Je parlai ainsi, car je savais que je la suivrais si elle m'en priait encore une seule fois. Mais elle avait de l'expérience et comprit ma détresse. Elle jeta un regard autour d'elle. Nous étions seuls, mais des gens circulaient non loin de nous, et un guide expliquait à haute voix les curiosités du temple à des étrangers tout en leur réclamant des pièces de cuivre pour leur montrer d'autres merveilles encore.

– Tu es bien timide, Sinouhé, dit-elle. Des nobles et des riches m'offrent des bijoux et de l'or pour que je les invite à se divertir avec moi. Mais toi tu désires rester pur, Sinouhé.

– Tu veux sûrement que j'aille chercher Metoufer, dis-je tout désemparé…

Je savais que Metoufer n'hésiterait pas à quitter le temple pour la nuit, bien que ce fût son tour de veiller. Il en avait les moyens, car son père était constructeur royal; mais j'aurais été capable de le tuer.

– Je ne sais pas, dit-elle en me regardant avec un sourire espiègle. Je désire peut-être que nous nous quittions comme de bons amis, Sinouhé. C'est pourquoi je te dirai mon nom, et c'est Nefernefernefer, parce qu'on me juge belle et que personne, après avoir dit mon nom, ne peut s'empêcher de le répéter deux fois et trois fois. C'est aussi la coutume qu'en se séparant les amis échangent des cadeaux, pour ne pas s'oublier. C'est pourquoi je te demande un cadeau.

Alors je connus de nouveau ma pauvreté, car je n'avais rien à lui donner, pas même un modeste bijou ou un bracelet de cuivre, que du reste je n'aurais pas osé lui offrir. J'avais tellement honte que je baissai la tête sans rien dire.

– Eh bien, donne-moi un cadeau qui me réchauffe le cœur, dit-elle en soulevant du doigt mon menton et en approchant son visage du mien.

Quand je compris ce qu'elle désirait, je touchai de mes lèvres ses lèvres tendres. Elle eut un léger soupir et dit:

– Merci, c'était un beau cadeau, Sinouhé. Je ne l'oublierai pas. Mais tu es certainement un étranger d'un lointain pays, parce que tu n'as pas appris à embrasser. Comment est-il possible que les filles de Thèbes ne t'aient pas encore enseigné cet art, bien que tes cheveux soient coupés?

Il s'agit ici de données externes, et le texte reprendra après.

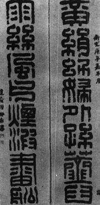 【简介】: 淸·六舟达受书于道光庚子(1840)。纸本。篆书。集八言联。凡上下联正文十六字,款十三字,共二十九字。刊于日本《书道全集》(二十四)。 【赏析】: 汉代是我国书法史上第一个伟大的变革时代。对秦篆,在结体等方面都进行了创造性的改革。秦篆结体修长,大小一律,转折多用圆笔,而汉篆变长爲方,化圆爲直,随著字画的省简而字形大小不一,有扁有方,特别宜于摹印及装饰用。  首先,汉篆对秦汉在结构上进行省减,成爲汉代的“简化字”,如作品中的“雨”字、“风”字、“烟”字、“书”字都省减了笔画,这完全是因爲装饰、应用的需要,因而汉代书家藐视六书的规範。其次,化圆爲方,线条尽量走直线,并将某些笔画延长作回曲折叠之状,回曲处以方折爲主,这也完全是布局的需要,如“片”字、“外”字。笔画多者字形大,笔画少者字形小,以疏密匀称、朴茂爲度,这也是爲了装饰美化的需要。从此幅作品来看,“幼”字、“外”字、“臼”字、“船”字等比较小,而“黄”字、“绢”字、“韭”字、“书”字等比较大,虽然每个字大小不一,但总体上看,上下联对得又非常工稳,显示了达受僧布局取势的深厚功夫。尽管汉篆对秦篆作了许多成功的改革,似乎是随心所欲的简化和方折,实际上汉篆对秦篆却有严格的师承。 |
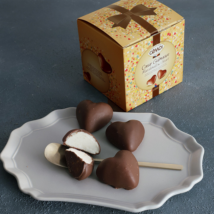 マシュマロをチョコレートで包んだ2層仕立てで、パリッとしたチョコとやさしくとろけるマシュマロ、2つの食感と味わいをお楽しみいただけます。
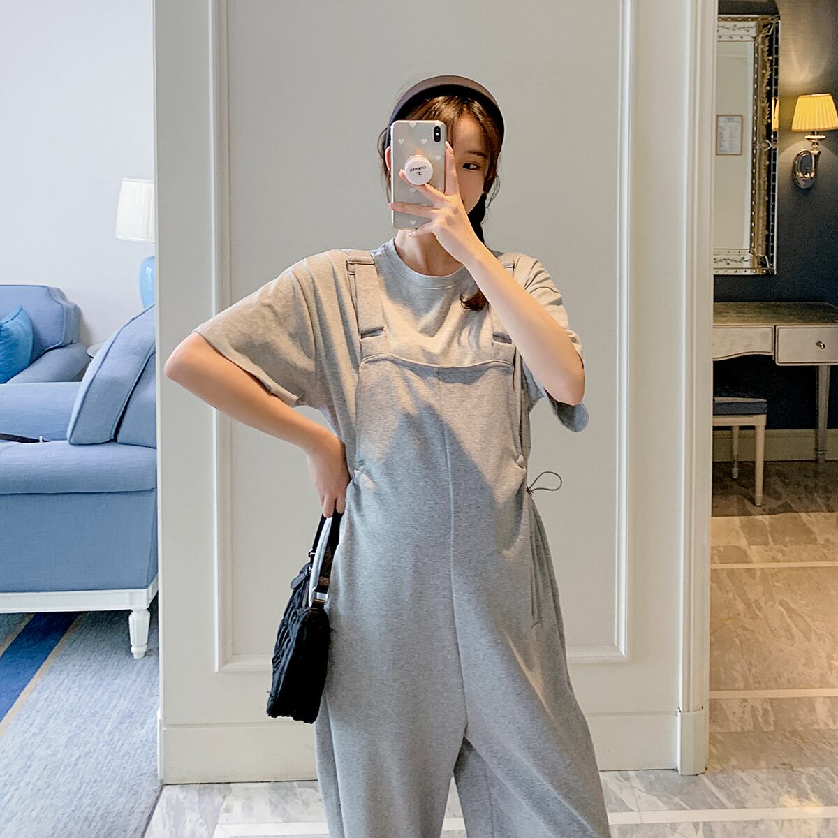 おしゃれ かわいい マタニティウェア セット サマールーズパンツ 半袖スリーブトップス ショート ハーフスリーブ 大きめサイズ 夏物 アジャスタブル hotmom30450322981
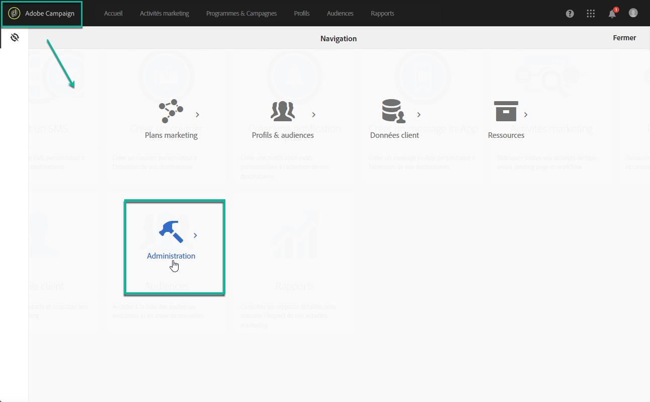 Sur la page d’accueil d’Adobe Experience Cloud, sélectionnez Campaign dans la section Accès rapide ou dans le menu supérieur droit.
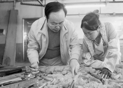 郑银聘(左)在传授徒弟雕刻技艺。刘深魁 摄

Elle enleva une bague de son pouce, une bague en or et en argent, avec une pierre verte non gravée, et elle me la passa à un doigt.

– Je dois aussi te faire un cadeau, pour que tu ne m'oublies pas, Sinouhé, dit-elle. Quand tu seras entré dans la Maison de la Vie, tu pourras y faire graver ton sceau, et tu seras l'égal des riches et des nobles. Mais rappelle-toi aussi que la pierre est verte, parce que mon nom est Nefernefernefer et parce qu'on m'a dit que mes yeux sont verts comme le Nil sous l'éclat du soleil.

– Je ne peux accepter ta bague, Nefernefernefer (et la répétition de ce nom me causa une joie indicible). Et je ne t'oublierai jamais.

– Petit fou, dit-elle. Garde la bague, puisque je le veux. Garde-la à cause de mon caprice qui me rapportera une fois un gros intérêt.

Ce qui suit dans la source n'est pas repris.